Additional information
% oc rsh -n awx-production deployments/awx-prd-task ls -al /var/lib/awx
total 44
drwxrwxr-x. 1 root root 43 Feb 19 13:00 .
drwxr-xr-x. 1 root root 33 Feb 19 00:49 ..
-rw-------. 1 awx root 177 Feb 19 14:10 .bash_history
drwxr-xr-x. 3 root root 19 Jul 2 2024 .local
drwxrwxrwx. 160 99 99 36864 Jan 31 12:58 projects
drwxr-xr-x. 3 root root 20 Jul 2 2024 public
drwxrwxr-x. 1 root root 40 Jul 2 2024 rsyslog
drwxr-xr-x. 3 root root 17 Jul 2 2024 venv
oc rsh -n awx-production deployments/awx-prd-task ls -al /var/lib/awx/projects/ | head -n10
total 688
drwxrwxrwx. 160 99 99 36864 Jan 31 12:58 .
drwxrwxr-x. 1 root root 43 Feb 19 13:00 ..
drwxr-xr-x. 5 awx 99 4096 Nov 14 09:33 _517__xxx_xxx_xxx
-rwxr-xr-x. 1 awx 99 0 Nov 14 09:33 _517__xxx_xxx_xxx.lock
% oc rsh -n awx-production deployments/awx-prd-web ls -al /var/lib/awx
total 40
drwxrwxr-x. 1 root root 37 Feb 18 23:52 .
drwxr-xr-x. 1 root root 30 Jul 2 2024 ..
prw-------. 1 awx root 0 Feb 18 23:52 awxfifo
drwxr-xr-x. 3 root root 19 Jul 2 2024 .local
drwxrwxrwx. 160 99 99 36864 Jan 31 12:58 projects
drwxr-xr-x. 3 root root 20 Jul 2 2024 public
drwxrwxr-x. 1 root root 40 Jul 2 2024 rsyslog
drwxr-xr-x. 3 root root 17 Jul 2 2024 venv
% oc rsh -n awx-production deployments/awx-prd-task cat /etc/passwd
awx:x:1000940000:0:,,,:/var/lib/awx:/bin/bash
% oc rsh -n awx-production deployments/awx-prd-task cat /etc/group
root:x:0:
bin:x:1:
daemon:x:2:
sys:x:3:
adm:x:4:
tty:x:5:
disk:x:6:
lp:x:7:
mem:x:8:
kmem:x:9:
wheel:x:10:
cdrom:x:11:
mail:x:12:
man:x:15:
dialout:x:18:
floppy:x:19:
games:x:20:
tape:x:33:
video:x:39:
ftp:x:50:
lock:x:54:
audio:x:63:
users:x:100:
nobody:x:65534:
tss:x:59:
nginx:x:999:
utmp:x:22:
utempter:x:35:
ssh_keys:x:101:
input:x:998:
kvm:x:36:
render:x:997:
systemd-journal:x:190:
systemd-coredump:x:996:
dbus:x:81:
are you mounting in your own persistent projects directory by chance?

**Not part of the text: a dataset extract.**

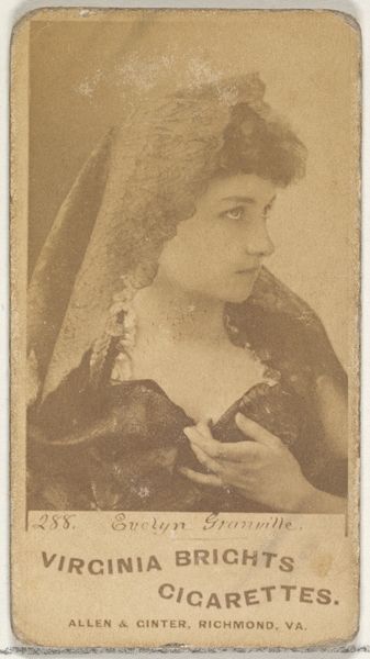 Curator: Lady Brooke looks positively Victorian in this… sepia dream. Almost haunting, like a memory struggling to surface. Editor: It's one of the “Actors and Actresses” series (N145-3), issued by W. Duke, Sons & Co. to promote Cross Cut Cigarettes in the 1880s. An odd convergence, really. Consumer culture meets… well, a vague notion of celebrity, all mediated through nicotine. Curator: It’s smaller than I imagined; a memento. I see her—the actress—sitting for the portrait, a bit weary, perhaps. She exudes a delicate beauty but there’s a faint shadow in her downturned glance. Maybe she was worried whether the lighting flatters or whether folks would buy enough cigarettes and equate that success with her. Editor: Precisely, but consider the mechanics, right? It would’ve involved lithography, the industrial production of images meant for mass consumption, slipped into packs of cigarettes. Forget individual genius; it's about the network, the materials—the paper, ink, printing press. All speaking to the rapid transformations of labour and leisure at that time. Curator: Of course! She’s just a pawn. It's strange thinking that these tiny portraits shaped public imagination or could generate cigarette sales in one go. What does she whisper, I wonder, of fleeting fame or maybe that her look would be timeless despite being printed for profit on inexpensive cards? Editor: Fleeting is spot on! We get a glimpse into how even cultural cachet could be commodified, reduced to collectible ephemera. Think about the cultural status embedded in each card, turning Lady Brooke into an element in the complex dance of industrial capitalism, consumer desire, and promotional culture. Curator: It’s poignant—to find beauty even in something born from industry. Still, I can't help but project stories onto her. Her secret smile… and that pearl earring. Maybe art thrives even as a means to some end… Editor: Ultimately, even though seemingly simple, these material objects present complex histories, hinting to how the circulation of images was as tied up in the expansion of consumer markets. It makes it all so much more vivid, really.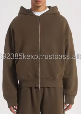 เสื้อฮู้ดซิปผ้าเฟรนช์เทอร์รี่ 460 GSM พิมพ์ลายสกรีนผ้าฝ้ายแขนยาวสำหรับผู้ชายสั่งทำจำนวนมาก

| OSError: [Errno 39] Directory not empty: 'ansible-windows-1.11.1-cgel_146
when this error occurs, can you shell into the running task container and do a few ls -l commands on the directory it is trying to remove and see what files it cannot delete?
| FileNotFoundError: [Errno 2] No such file or directory: 'tmpvjbzpmia'
this one is weird, as the line right before is elif os.path.exists(stage_path):
so it should exist on disk. Is it possible there is some other process removing these files at the same time?
I was also seeing thin in awx version 24.6.1 running k3s version 1.28.15. Specifically only the Errno 39 issue.
I had projects_persistence set to true and resolved it by reverting it to the default value of false. I believe this is only a workaround.
The files I were seeing were consistently named like this .nfs000000000008a76c00005668 which is odd as I am not running any nfs.
I hope this helps.
closing due to inactivity, if folks continue to see this issue, please re-open with current context or updates.